Six phases of dbt. SQLMesh added on top. Same Nessie backend, same Iceberg tables, same bronze layer, provably identical gold layer. What I learned the hard way.
SQLMesh + Nessie + Trino + Iceberg with full virtual data environments is not clearly documented anywhere. You are reading the first person who built it end-to-end and wrote about it honestly.
Most dbt vs SQLMesh articles compare marketing pages. This one is different. The two tools ran simultaneously on the same Trino catalog, against the same Brazilian e-commerce dataset, producing provably identical output down to floating-point parity. The setup is reproducible. The receipts exist.
What follows is not a benchmark. It is a confession — every blocker, every orphaned S3 folder, every macro workaround, and the one architectural breakthrough that lets both tools coexist on the same backend.
The Arena
The stack
Not AWS Glue. Not Databricks. A NAS under a desk and an Ubuntu laptop on the same LAN.
PostgreSQL ─── source data + SQLMesh state DB
SeaweedFS ─── S3-compatible object storage
Nessie ─── Iceberg catalog (Git for data)
Trino ─── query engine
Dremio ─── semantic / BI layer
↓
dbt-trino AND SQLMesh ─── same nessie_rest catalog
↓
Kestra (orchestration)
Hardware: UGREEN NASync DXP2800 (16 GB RAM, always-on) for storage and orchestration; ASUS Zephyrus G16 (Ubuntu 24.04, 64 GB RAM, RTX 5070 Ti) for compute. Every constraint hit in this article is a real production constraint — no managed service papering over bugs.
What was built before this comparison
dbt earned its scars first. SQLMesh came in clean. That sequence is what makes this comparison fair — neither tool is being judged on a greenfield idealization.
dbt earned its scars first. SQLMesh came in clean. That sequence is what makes this comparison fair — neither tool is being judged on a greenfield idealization.
The blocker nobody warned me about
The first thing that will stop you cold if you try to run SQLMesh on Nessie + Trino:
TrinoUserError: createView is not supported for Iceberg Nessie catalogs
Native Nessie’s Trino catalog (iceberg.catalog.type=nessie) blocks every CREATE VIEW. SQLMesh's entire virtual environment model depends on views — that is how dev/prod isolation is implemented. Most articles stop here and conclude that SQLMesh and Nessie are incompatible. That conclusion is wrong.
The hidden door
Nessie 0.99+ exposes a second protocol on the same service: an Iceberg REST catalog at /iceberg/main/. REST implements the Iceberg catalog spec natively, which supports views. Same Nessie service, same backend storage, same data — different door.
# Verify the REST endpoint exists on your Nessie instance
curl http://localhost:10041/iceberg/main/v1/config
# Look for: POST /v1/{prefix}/namespaces/{namespace}/views
# Present in 0.107.4. Absent in older versions.

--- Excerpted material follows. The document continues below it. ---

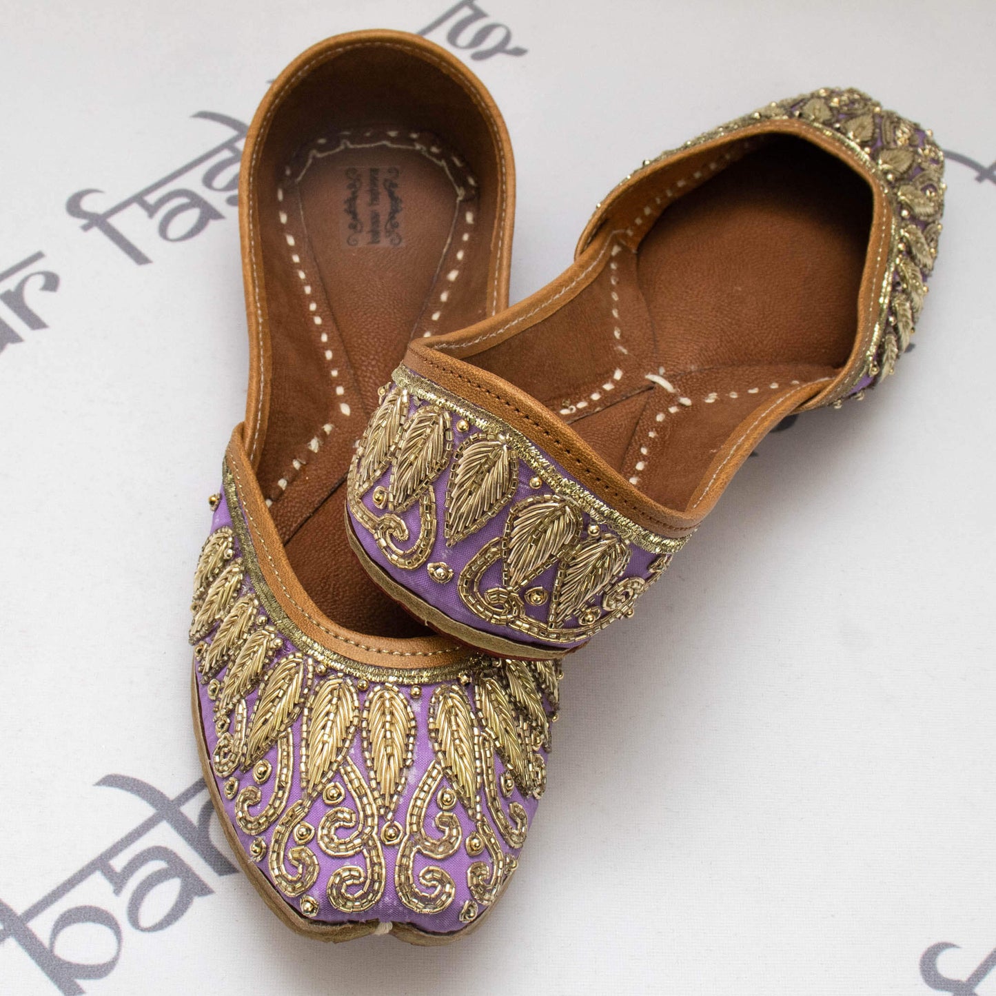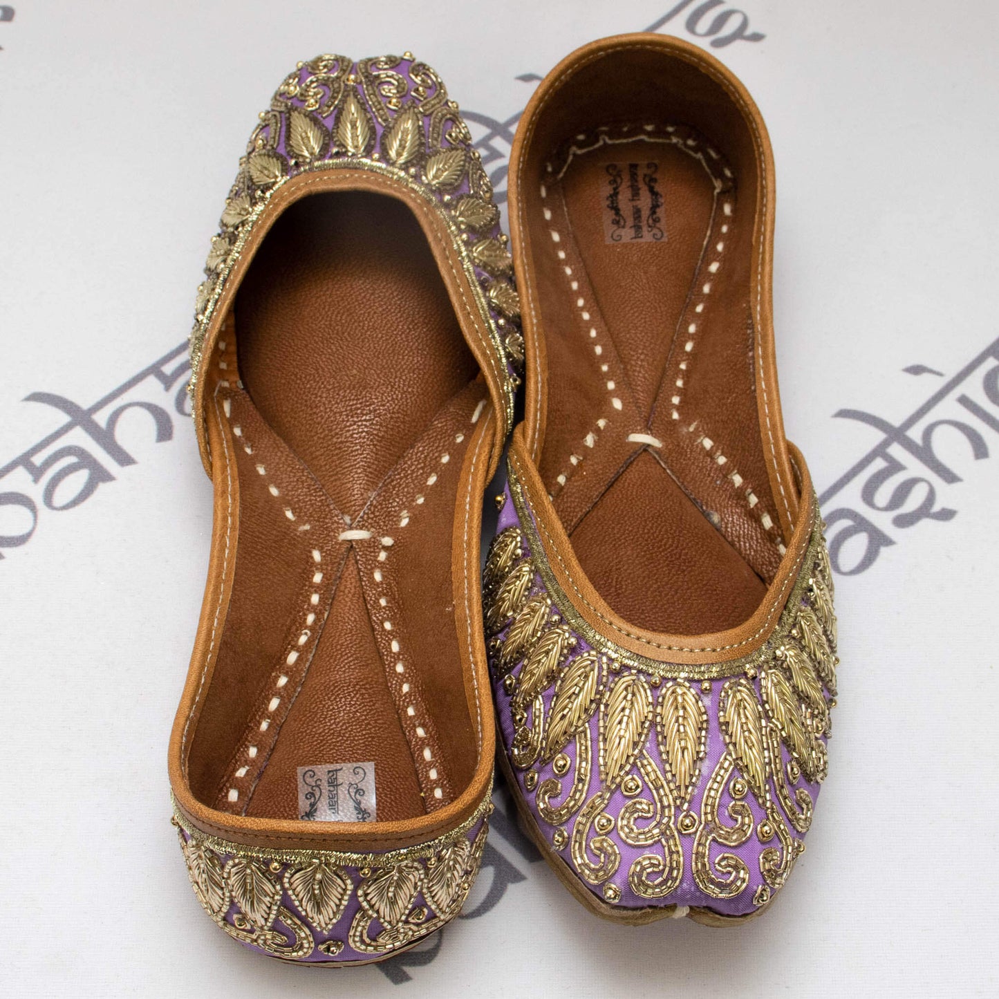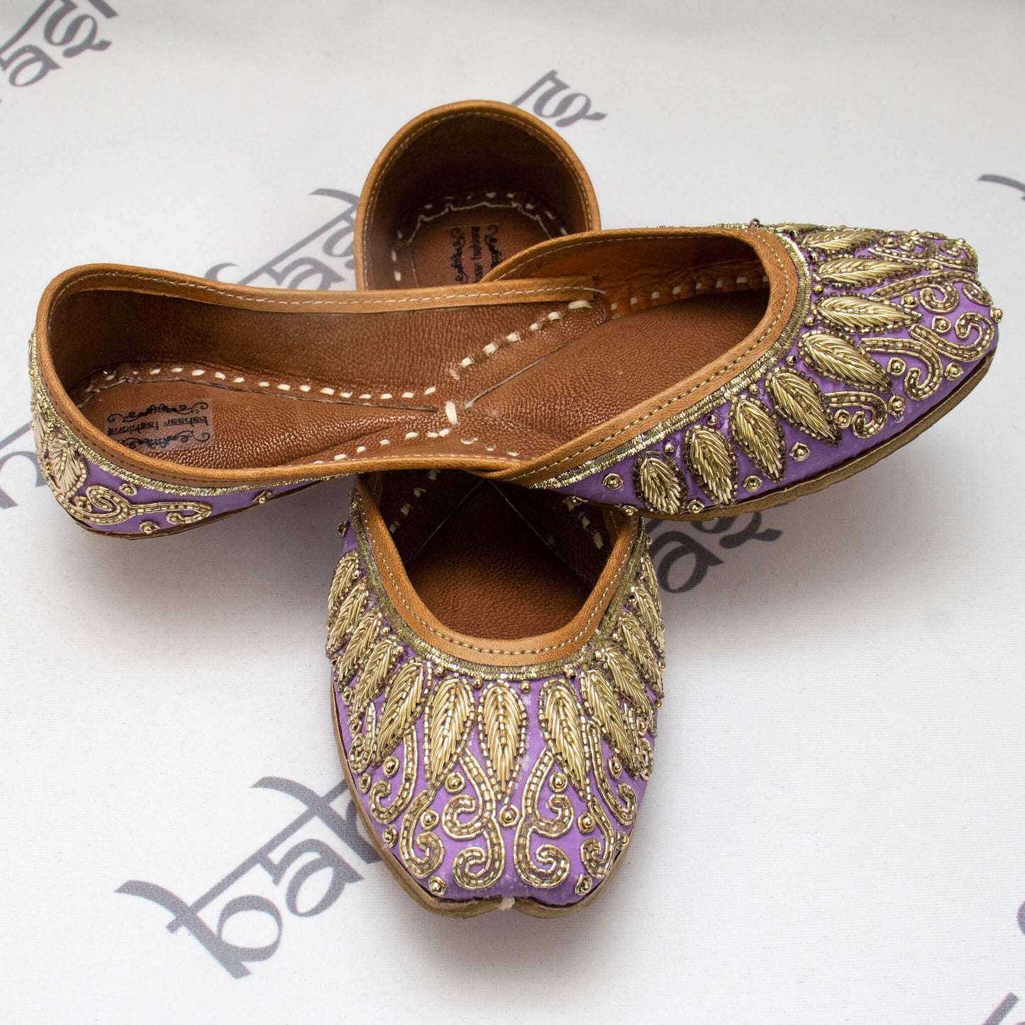 Regular price $15.00Exquisite lilac punjabi jutti embellished with intricate zardozi embroidery. The interior is made of genuine leather with a double cushion making the jutti very comfortable to wear.

The fix is a single Trino catalog file:
# trino/catalog/nessie_rest.properties
connector.name=iceberg
iceberg.catalog.type=rest
iceberg.rest-catalog.uri=http://nessie:19120/iceberg/main/
iceberg.rest-catalog.warehouse=lakehouse
CREATE VIEW works. SQLMesh's environment system works. The whole model is unlocked.
The version trap
The :latest Nessie Docker image was sitting at 0.76 for months. REST endpoint does not exist there. Pin explicitly:
image: ghcr.io/projectnessie/nessie:0.107.4
Upgrading from 0.76 to 0.107.4 required dropping and recreating the Nessie state database. The Iceberg metadata in S3 survives — only the catalog state resets — and every table needs to be re-registered through nessie_rest.system.register_table(). Location strings must byte-match what is in each table's metadata.json. Old PySpark code that wrote s3a://lakehouse//bronze/... with a double slash is invisible to the strict REST catalog. Fix the writer, regenerate the metadata, re-register.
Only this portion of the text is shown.